Material provided:

__________

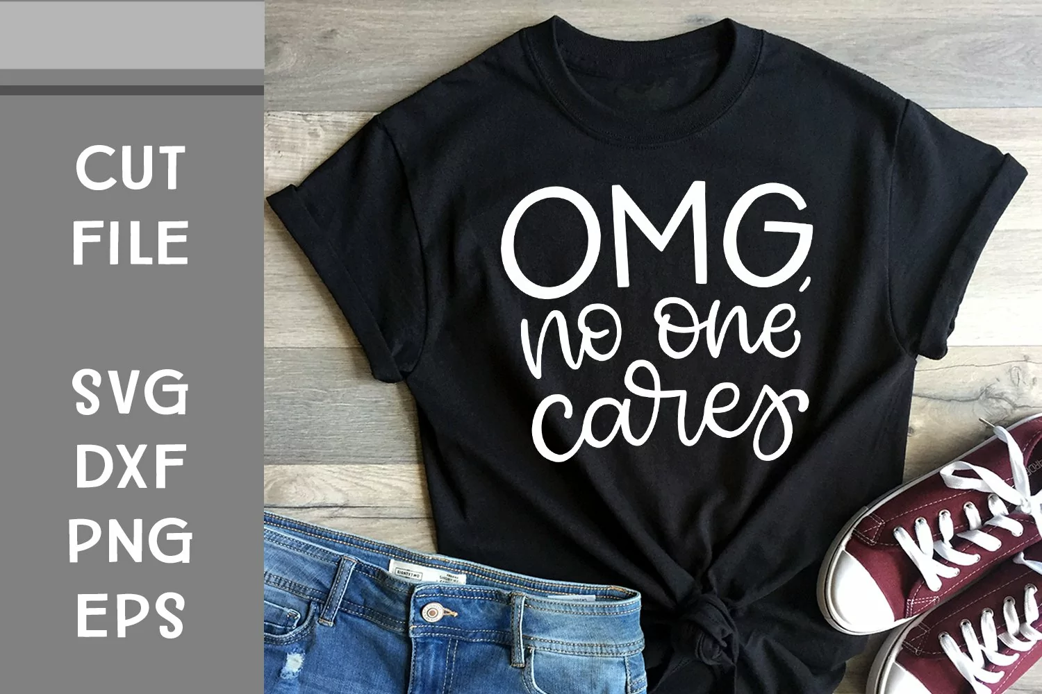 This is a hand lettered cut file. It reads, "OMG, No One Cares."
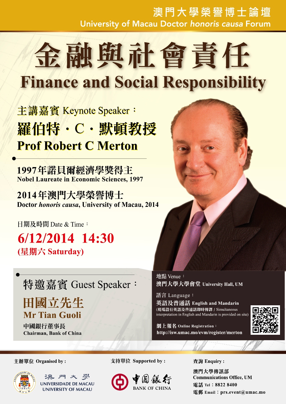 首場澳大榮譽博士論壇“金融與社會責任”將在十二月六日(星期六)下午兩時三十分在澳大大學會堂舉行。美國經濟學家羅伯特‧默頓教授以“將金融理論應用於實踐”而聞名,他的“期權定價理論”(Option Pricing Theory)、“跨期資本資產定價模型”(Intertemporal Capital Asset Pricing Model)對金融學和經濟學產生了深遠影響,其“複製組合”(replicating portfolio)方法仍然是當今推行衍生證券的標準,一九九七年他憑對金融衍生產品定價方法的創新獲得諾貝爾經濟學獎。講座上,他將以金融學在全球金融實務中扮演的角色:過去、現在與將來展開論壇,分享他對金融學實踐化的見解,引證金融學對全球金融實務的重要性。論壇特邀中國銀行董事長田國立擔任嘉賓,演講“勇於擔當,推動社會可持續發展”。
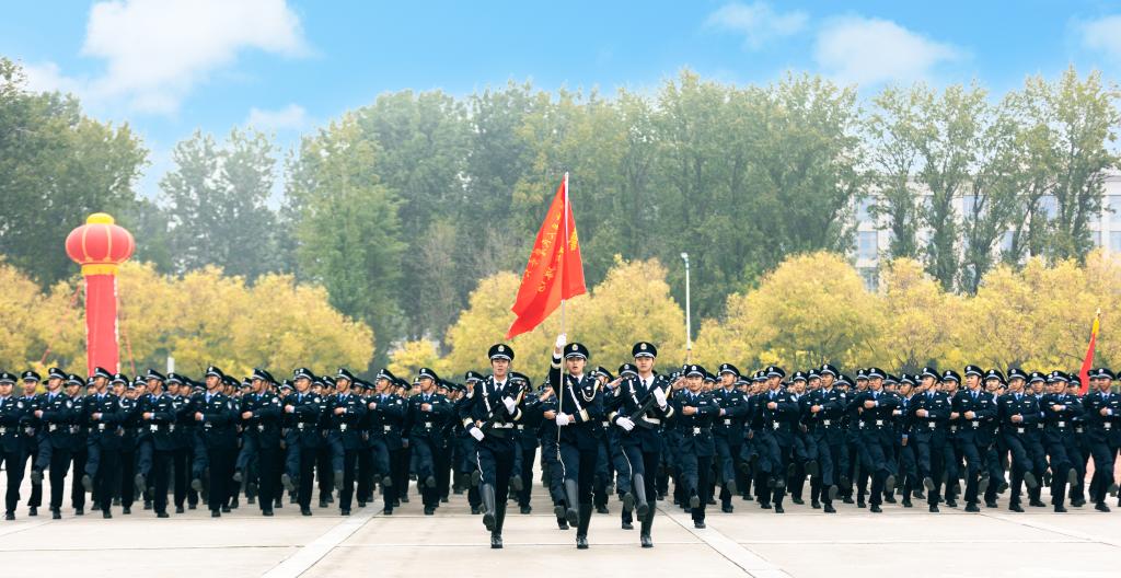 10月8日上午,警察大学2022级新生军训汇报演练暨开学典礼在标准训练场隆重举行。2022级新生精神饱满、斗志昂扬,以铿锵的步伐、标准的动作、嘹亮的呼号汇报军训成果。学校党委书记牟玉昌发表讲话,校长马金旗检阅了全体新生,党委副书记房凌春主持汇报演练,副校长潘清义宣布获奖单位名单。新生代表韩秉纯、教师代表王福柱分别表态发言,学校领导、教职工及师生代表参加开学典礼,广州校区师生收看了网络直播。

__________

To do:
Keeping every word as it is, write out all the data and omit the pictures.

Response:
 This is a hand lettered cut file. It reads, "OMG, No One Cares."
 首場澳大榮譽博士論壇“金融與社會責任”將在十二月六日(星期六)下午兩時三十分在澳大大學會堂舉行。美國經濟學家羅伯特‧默頓教授以“將金融理論應用於實踐”而聞名,他的“期權定價理論”(Option Pricing Theory)、“跨期資本資產定價模型”(Intertemporal Capital Asset Pricing Model)對金融學和經濟學產生了深遠影響,其“複製組合”(replicating portfolio)方法仍然是當今推行衍生證券的標準,一九九七年他憑對金融衍生產品定價方法的創新獲得諾貝爾經濟學獎。講座上,他將以金融學在全球金融實務中扮演的角色:過去、現在與將來展開論壇,分享他對金融學實踐化的見解,引證金融學對全球金融實務的重要性。論壇特邀中國銀行董事長田國立擔任嘉賓,演講“勇於擔當,推動社會可持續發展”。
 10月8日上午,警察大学2022级新生军训汇报演练暨开学典礼在标准训练场隆重举行。2022级新生精神饱满、斗志昂扬,以铿锵的步伐、标准的动作、嘹亮的呼号汇报军训成果。学校党委书记牟玉昌发表讲话,校长马金旗检阅了全体新生,党委副书记房凌春主持汇报演练,副校长潘清义宣布获奖单位名单。新生代表韩秉纯、教师代表王福柱分别表态发言,学校领导、教职工及师生代表参加开学典礼,广州校区师生收看了网络直播。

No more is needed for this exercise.